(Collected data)
::::

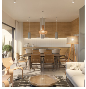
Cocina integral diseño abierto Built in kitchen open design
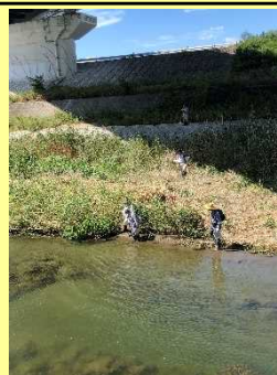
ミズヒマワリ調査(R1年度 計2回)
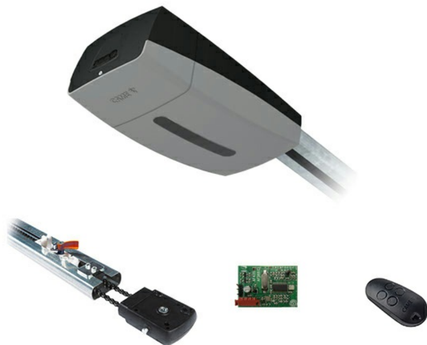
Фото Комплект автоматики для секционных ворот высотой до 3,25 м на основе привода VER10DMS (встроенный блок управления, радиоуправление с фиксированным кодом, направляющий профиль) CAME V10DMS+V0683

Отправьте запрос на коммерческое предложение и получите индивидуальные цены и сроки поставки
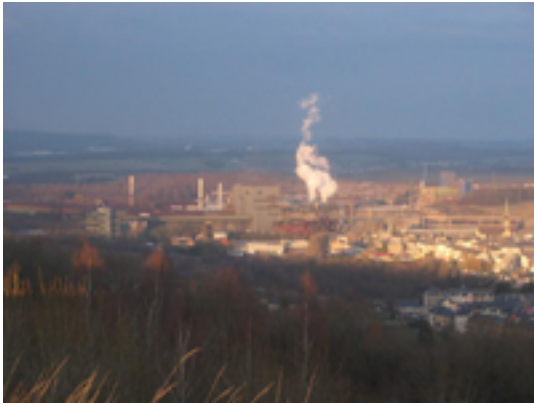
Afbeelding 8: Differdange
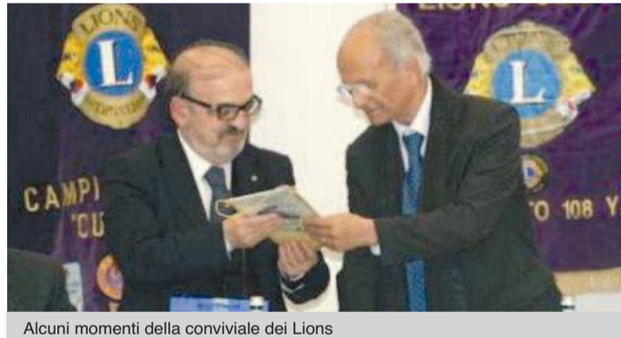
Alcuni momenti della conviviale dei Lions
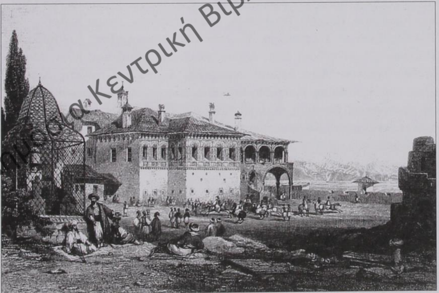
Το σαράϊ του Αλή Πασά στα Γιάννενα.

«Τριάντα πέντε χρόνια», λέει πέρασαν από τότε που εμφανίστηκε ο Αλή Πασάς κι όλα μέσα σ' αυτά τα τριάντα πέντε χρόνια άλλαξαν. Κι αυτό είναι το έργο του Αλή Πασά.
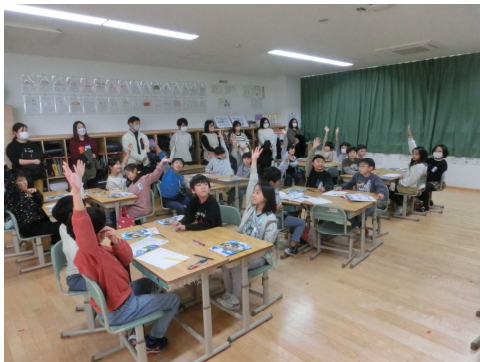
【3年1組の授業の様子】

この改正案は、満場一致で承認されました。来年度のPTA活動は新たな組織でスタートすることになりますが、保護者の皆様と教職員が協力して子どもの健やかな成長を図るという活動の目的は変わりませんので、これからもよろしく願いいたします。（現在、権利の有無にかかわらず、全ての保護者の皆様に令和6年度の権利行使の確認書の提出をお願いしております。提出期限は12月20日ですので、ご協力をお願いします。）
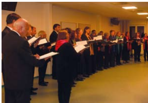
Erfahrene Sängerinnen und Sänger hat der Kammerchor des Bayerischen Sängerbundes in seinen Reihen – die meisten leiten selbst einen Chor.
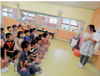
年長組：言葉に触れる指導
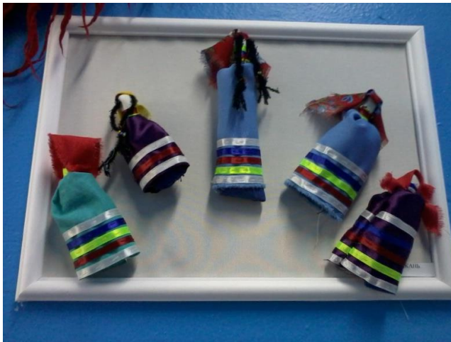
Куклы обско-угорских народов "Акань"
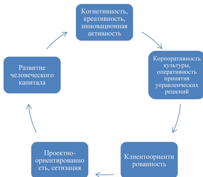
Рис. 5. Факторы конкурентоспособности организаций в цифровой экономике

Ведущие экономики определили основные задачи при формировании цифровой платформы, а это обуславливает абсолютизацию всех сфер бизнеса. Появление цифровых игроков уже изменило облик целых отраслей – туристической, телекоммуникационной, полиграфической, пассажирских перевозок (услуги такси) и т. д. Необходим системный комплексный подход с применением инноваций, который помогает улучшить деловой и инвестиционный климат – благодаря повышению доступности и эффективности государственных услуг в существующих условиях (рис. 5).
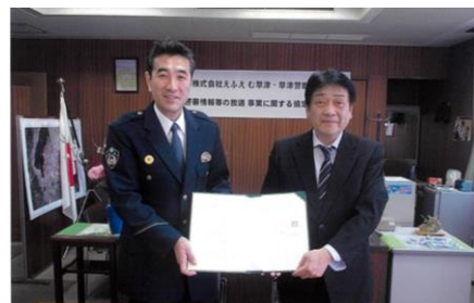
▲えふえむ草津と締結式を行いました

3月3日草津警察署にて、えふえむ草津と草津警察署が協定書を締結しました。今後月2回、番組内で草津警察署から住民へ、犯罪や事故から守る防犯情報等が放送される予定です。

::::

Copy out the lines above unchanged. Skip the images.

→ **THE ANSWER**
Cocina integral diseño abierto Built in kitchen open design
ミズヒマワリ調査(R1年度 計2回)
Фото Комплект автоматики для секционных ворот высотой до 3,25 м на основе привода VER10DMS (встроенный блок управления, радиоуправление с фиксированным кодом, направляющий профиль) CAME V10DMS+V0683

Отправьте запрос на коммерческое предложение и получите индивидуальные цены и сроки поставки
Afbeelding 8: Differdange
Alcuni momenti della conviviale dei Lions
Το σαράϊ του Αλή Πασά στα Γιάννενα.

«Τριάντα πέντε χρόνια», λέει πέρασαν από τότε που εμφανίστηκε ο Αλή Πασάς κι όλα μέσα σ' αυτά τα τριάντα πέντε χρόνια άλλαξαν. Κι αυτό είναι το έργο του Αλή Πασά.
【3年1組の授業の様子】

この改正案は、満場一致で承認されました。来年度のPTA活動は新たな組織でスタートすることになりますが、保護者の皆様と教職員が協力して子どもの健やかな成長を図るという活動の目的は変わりませんので、これからもよろしく願いいたします。（現在、権利の有無にかかわらず、全ての保護者の皆様に令和6年度の権利行使の確認書の提出をお願いしております。提出期限は12月20日ですので、ご協力をお願いします。）
Erfahrene Sängerinnen und Sänger hat der Kammerchor des Bayerischen Sängerbundes in seinen Reihen – die meisten leiten selbst einen Chor.
年長組：言葉に触れる指導
Куклы обско-угорских народов "Акань"
Рис. 5. Факторы конкурентоспособности организаций в цифровой экономике

Ведущие экономики определили основные задачи при формировании цифровой платформы, а это обуславливает абсолютизацию всех сфер бизнеса. Появление цифровых игроков уже изменило облик целых отраслей – туристической, телекоммуникационной, полиграфической, пассажирских перевозок (услуги такси) и т. д. Необходим системный комплексный подход с применением инноваций, который помогает улучшить деловой и инвестиционный климат – благодаря повышению доступности и эффективности государственных услуг в существующих условиях (рис. 5).
▲えふえむ草津と締結式を行いました

3月3日草津警察署にて、えふえむ草津と草津警察署が協定書を締結しました。今後月2回、番組内で草津警察署から住民へ、犯罪や事故から守る防犯情報等が放送される予定です。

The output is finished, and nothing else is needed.